Avant de décrire les changements dans ma pédagogie, je voudrais dresser un rapide bilan du changement: je n’ai plus l’impression ni de m’ennuyer ni d’ennuyer et je n’ai jamais eu si peu besoin de restaurer la discipline et l’attention pendant les séances. Je n’ai jamais eu des rapports humains aussi épanouis avec mes élèves. Parfois ils sont tellement « sages », les yeux rivés et l’écran de projection des documents, toute ouïe pour mes explications, que je me demande s’ils ne dorment pas les yeux ouverts…

Les ressources du plaisir d’enseigner. Retrouver la curiosité d’apprendre.
Quelles temporalités pour des savoirs vivants ?

Deux proches qui se trouvaient avoir assisté à mes cours m’avaient fait la remarque que j’allais très vite, qu’il se passait vraiment beaucoup de choses dans une heure de cours.

C’est justement sur la question de la temporalité qu’a porté le premier gros groupe de changements que j’ai effectués, insensiblement, quasiment sans m’en rendre compte, dans ma pratique pédagogique.

En me libérant des manuels scolaires et de leurs contenus foisonnant, j’ai aussi ralenti ma propre productivité. J’ai dû, pendant des heures, chercher sur Internet des documents adaptés à mes ambitions (faire un cours dynamique qui maintienne les élèves en éveil tout en apportant un contenu scientifiquement valable, j’y reviendrai). J’ai également passé beaucoup de temps à intégrer à mon site certains documents, à rechercher des contenus libres ou à obtenir l’autorisation d’en reproduire d’autres. Intégrer des contenus lisibles sur Internet prend du temps car il faut soigner la forme, vérifier les liens et établir des passerelles entre les contenus. En outillant mon site de fiches de méthode, de comptes rendus culturels divers et d’un glossaire, j’ai multiplié la durée passée à l’alimenter.

Cette redéfinition de la temporalité de mon propre accès au savoir m’a entraînée à ralentir à la fois ma production de contenus et le rythme interne de mes séances.
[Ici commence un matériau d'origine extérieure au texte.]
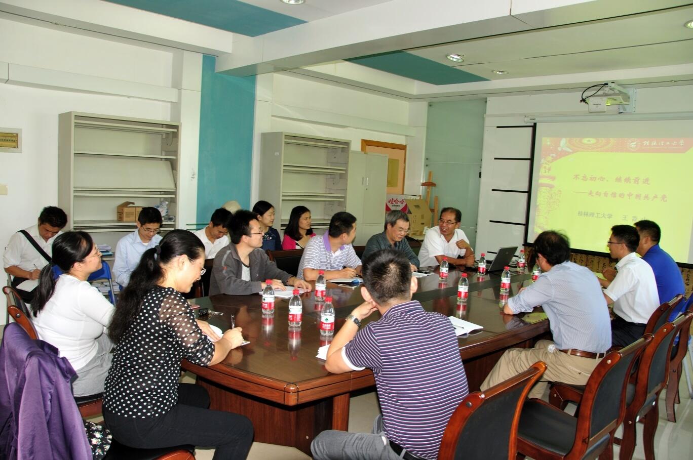 为进一步深化“两学一做”学习教育,使广大党员学得更透彻、做得更有实效,10月14日下午,纪监审支部、资产支部、招就支部等三个党支部联合开展“两学一做”学习教育,邀请学校马克思主义学院党委书记王青山教授就习近平总书记“七一”重要讲话作了辅导报告。纪监审支部、资产支部、招就支部全体党员参加学习。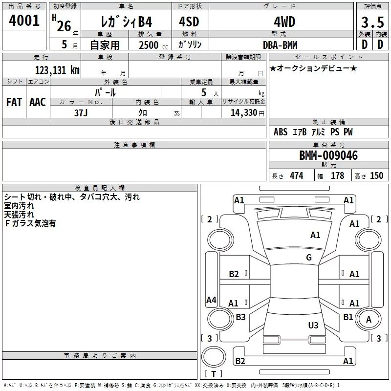 Subaru LEGACY B4 с аукциона Японии TAA Minami Kyushu лот № 4001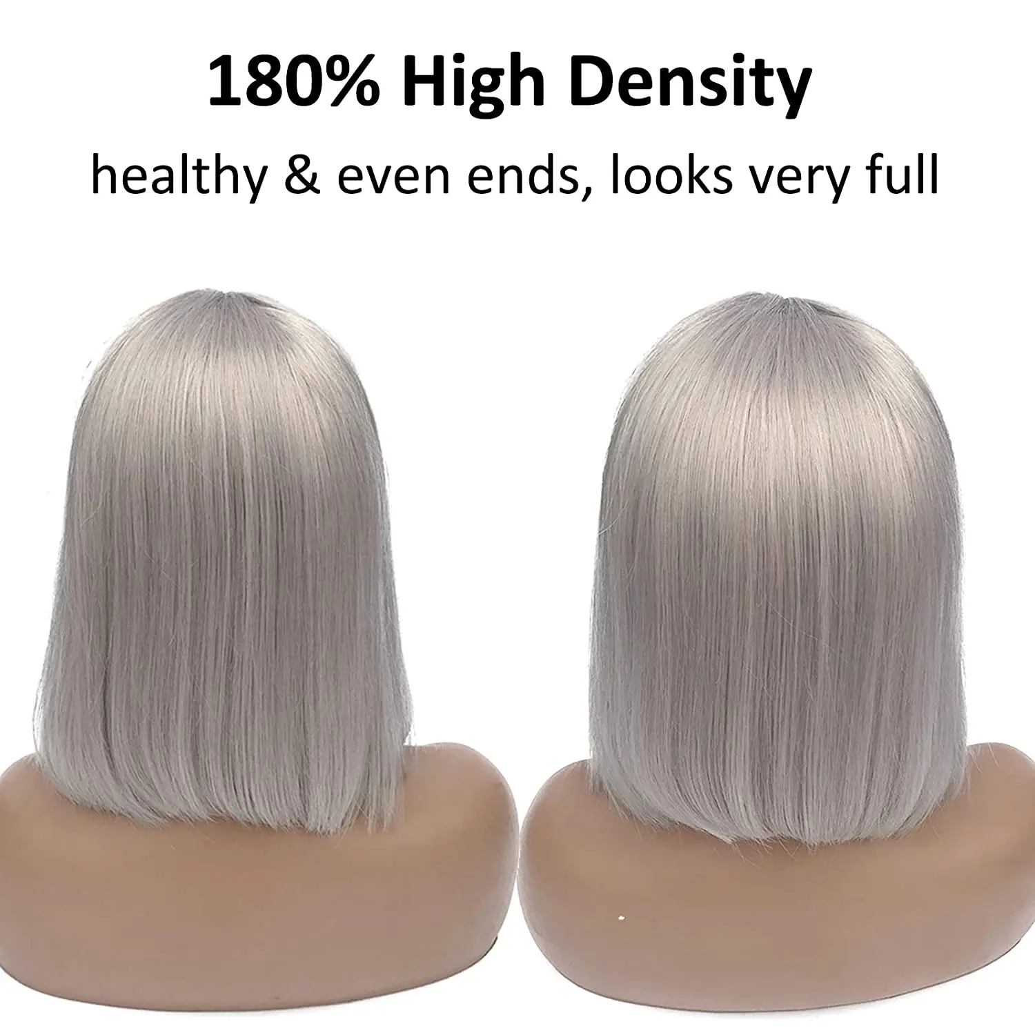 Grey Machine Made Bob WigGrey Short Blunt Cut Bob Wigs

Jusqu’ici construites à partir de documents (cartes, photographies, textes, graphiques) censés introduire et analyser un objet, les séances étaient désormais centrées sur l’objet lui-même. Cet objet était mis en exergue à partir d’un document central (par exemple, une série de photographies de la cathédrale de Reims) et de documents secondaires (gravures d’époque la replaçant dans son environnement urbain, objets tirés du trésor). Et cet objet lui-même devenait, pour moi et pour les élèves, le lieu d’une enquête.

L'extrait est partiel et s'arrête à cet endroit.